**EXERCISE MATERIALS**
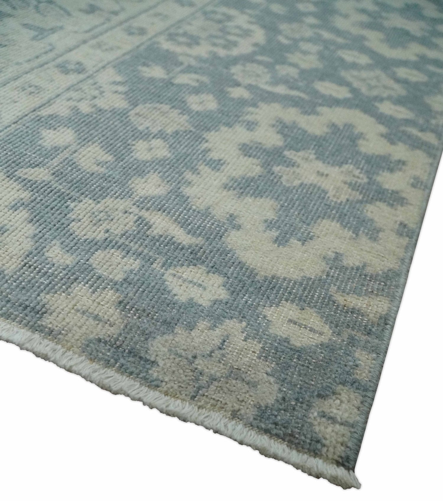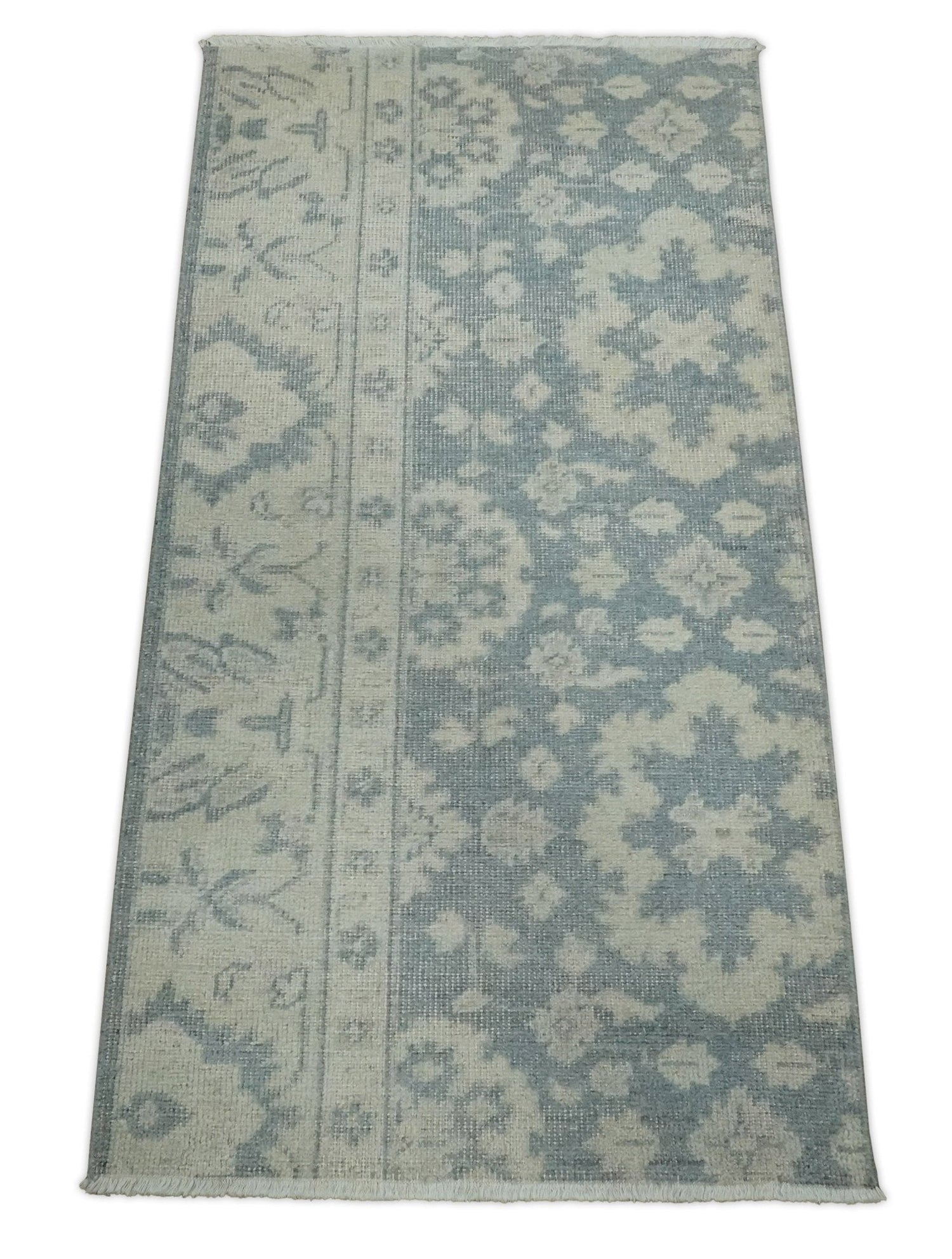 Antique Style Ivory and Charcoal Hand Knotted Traditional Oushak 2x4 wool Bedside Rug - 2x4 is backordered and will ship as soon as it is back in stock.
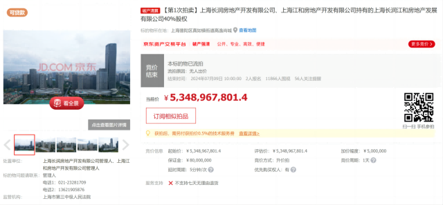 公开数据显示,本次拍卖起拍价53.48亿,仅2人报名,11,866人围观 ,但无人出价。
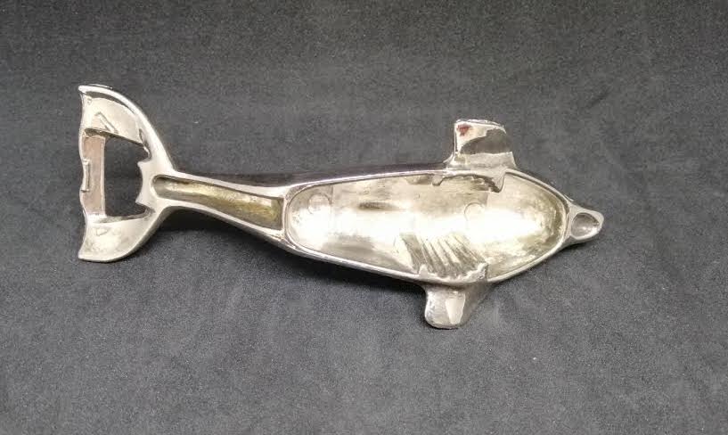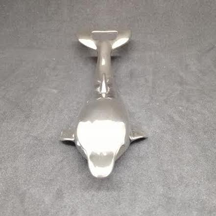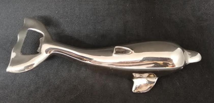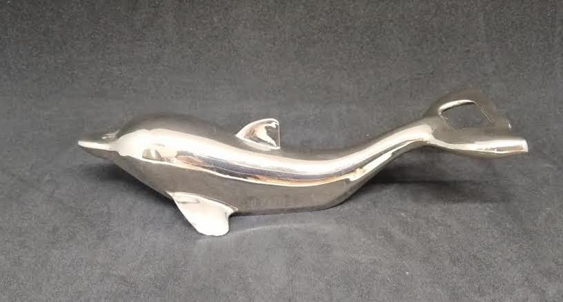 Décapsuleur / ouvre bouteille vintage en métal argenté en forme de dauphin.
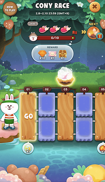 在活動期間內,玩家逐一通過關卡即可渡過橋板讓兔兔往前進,但挑戰關卡失敗的話會失去1隻「鞋子」。失去所有鞋子便會返回該階段的起點重新開始,順利通過所有關卡就能獲得獎勵喔!
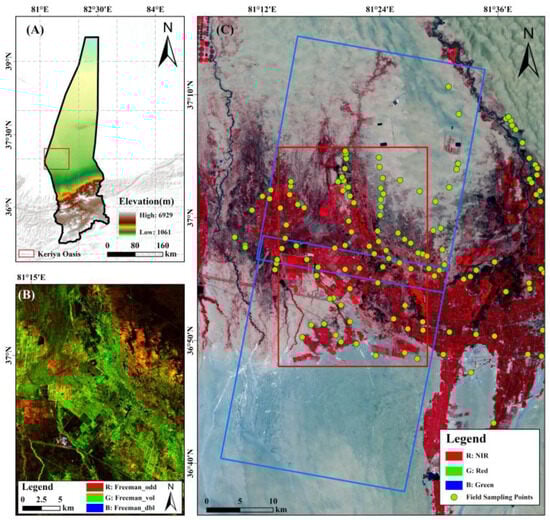 Location map of the study area. (A) DEM data of the Keriya Oasis; (B) Subset images in Freeman decomposition; (C) Sentinel-2 false-color optical imagery and field sampling sites.
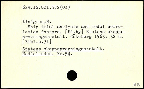 Ship trial analysis and model corre-lation factors. [Ed.by] Statens skepps-provningsanstalt. Goteborg 1963.

**INSTRUCTIONS TO FOLLOW**
The lines from the one holding "Location map of" to the final line of the entries are to be duplicated exactly, and the pictures are to be left out.

**SOLVED PROBLEM**
 Location map of the study area. (A) DEM data of the Keriya Oasis; (B) Subset images in Freeman decomposition; (C) Sentinel-2 false-color optical imagery and field sampling sites.
 Ship trial analysis and model corre-lation factors. [Ed.by] Statens skepps-provningsanstalt. Goteborg 1963.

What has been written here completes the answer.